Gwede Mantashe has, however, been accused of inconsistencies, partisanship and open political favouratism, as when he came down hard on some ANC provinces and leagues for prematurely opening the leadership succession debate before October last year, whilst turning a blind eye, if not twitching an encouraging wink, to pro-Zuma KZN and Mpumalanga ANC provinces, which were openly canvassing for Zuma's second term long before October last year.

He is considered rude, unnecessarily argumentative, combative and uncouth by some in the ANC and outside it. A Johnny-come-late-to-Joburg type who throws his weight around, who likes to stand in ceremony over nothing of particular political value.

In his fine and historic eulogy for Che Guevara, in front of over a million Cubans in 1964, five years after the Cuban Revolution, Fidel Castro paid a glowing tribute to his revolutionary and ideological soul-mate, and the co-founder of the Cuban Revolution. But Castro had the presence of the mind to rise above the overwhelming emotions of the moment to point out to what he described as Che's cardinal weakness, which was that Che was "excessively combative."

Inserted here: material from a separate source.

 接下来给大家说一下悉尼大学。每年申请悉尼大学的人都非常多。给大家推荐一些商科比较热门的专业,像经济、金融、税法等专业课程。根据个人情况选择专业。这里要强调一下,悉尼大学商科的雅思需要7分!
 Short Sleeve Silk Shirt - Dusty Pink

Gwede Mantashe, a fine ANC leader, too comes across often as "excessively combative", although he possesses many admirable leadership qualities. It is a weakness that Mantashe may choose to ponder over, as it makes him appear as overly defensive and allergic to criticism and self-criticism. It is his Achilles' heel, as it was Che'd.

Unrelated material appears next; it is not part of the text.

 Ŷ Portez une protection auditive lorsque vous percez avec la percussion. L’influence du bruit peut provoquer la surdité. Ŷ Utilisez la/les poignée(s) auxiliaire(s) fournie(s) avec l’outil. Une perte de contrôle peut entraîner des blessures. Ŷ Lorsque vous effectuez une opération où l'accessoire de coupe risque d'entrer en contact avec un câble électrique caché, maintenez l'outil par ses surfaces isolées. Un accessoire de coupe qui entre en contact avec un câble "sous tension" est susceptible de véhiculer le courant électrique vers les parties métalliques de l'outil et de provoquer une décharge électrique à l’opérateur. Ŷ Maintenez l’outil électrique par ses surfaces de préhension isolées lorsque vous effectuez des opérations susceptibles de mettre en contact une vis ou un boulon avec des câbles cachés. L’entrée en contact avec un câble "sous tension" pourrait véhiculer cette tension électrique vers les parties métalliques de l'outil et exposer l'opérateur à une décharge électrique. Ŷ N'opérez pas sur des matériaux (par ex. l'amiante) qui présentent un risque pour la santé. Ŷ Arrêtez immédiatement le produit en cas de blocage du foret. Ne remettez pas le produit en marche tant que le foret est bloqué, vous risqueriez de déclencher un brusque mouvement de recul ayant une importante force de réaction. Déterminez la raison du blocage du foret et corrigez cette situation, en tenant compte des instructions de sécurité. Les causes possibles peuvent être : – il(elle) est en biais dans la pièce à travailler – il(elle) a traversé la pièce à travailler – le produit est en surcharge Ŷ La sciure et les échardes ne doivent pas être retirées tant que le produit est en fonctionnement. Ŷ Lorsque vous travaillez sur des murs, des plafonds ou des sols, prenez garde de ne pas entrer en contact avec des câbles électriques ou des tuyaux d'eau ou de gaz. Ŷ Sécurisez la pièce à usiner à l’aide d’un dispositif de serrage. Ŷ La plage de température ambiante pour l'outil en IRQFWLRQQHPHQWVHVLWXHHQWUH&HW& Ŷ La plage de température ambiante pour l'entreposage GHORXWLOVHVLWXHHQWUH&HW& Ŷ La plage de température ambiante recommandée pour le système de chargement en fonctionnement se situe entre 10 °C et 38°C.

As a result of this weakness, it cannot be said of Mantashe what Frederick Engels was able to say, without fear of contradiction, about his co-Communist revolutionary, lifelong friend and ideological soul-mate, Karl Marx. In Engels' eulogy for Marx at London Highpark Cemetery on 22 March 1883, he said the foloowing:

"I make bold to say that though he may have many opponents, he had hardly one personal enemy."

Many in the ANC, in turn, can legitimately make bold to say that though Gwede Mantashe has many opponents, he has, unfortunately, even many more political enemies within the ANC and outside of it.

As early as late 2009 and early 2010, many in the ANCYL were wont to burst out in anti-Mantashe songs. He often had a torrid time trying to address the ANCYL meeting or national general council (NGC).

Unfortunately for Gwede Mantashe, he co-leads the ANC at a particularly difficult and challenging period for the distinguished organisation, morally and ethically speaking.

It is a period which, in the words of Hannah Arendt, the German-Jewish political philosopher (and the author of "On Totalitarianism"), "...has rendered meaningless most of our moral and political categories...and has exploded the established categories of political thought and the accepted standards of moral judgment..Our inherited concepts and criteria have been dissolved under the impact of modern political events."

In our case, this is the post-Polokwane period of the ANC. Gwede Mantashe is the usher, participant, and one of the chief beneficiaries and cheerleaders of this sorry ANC period..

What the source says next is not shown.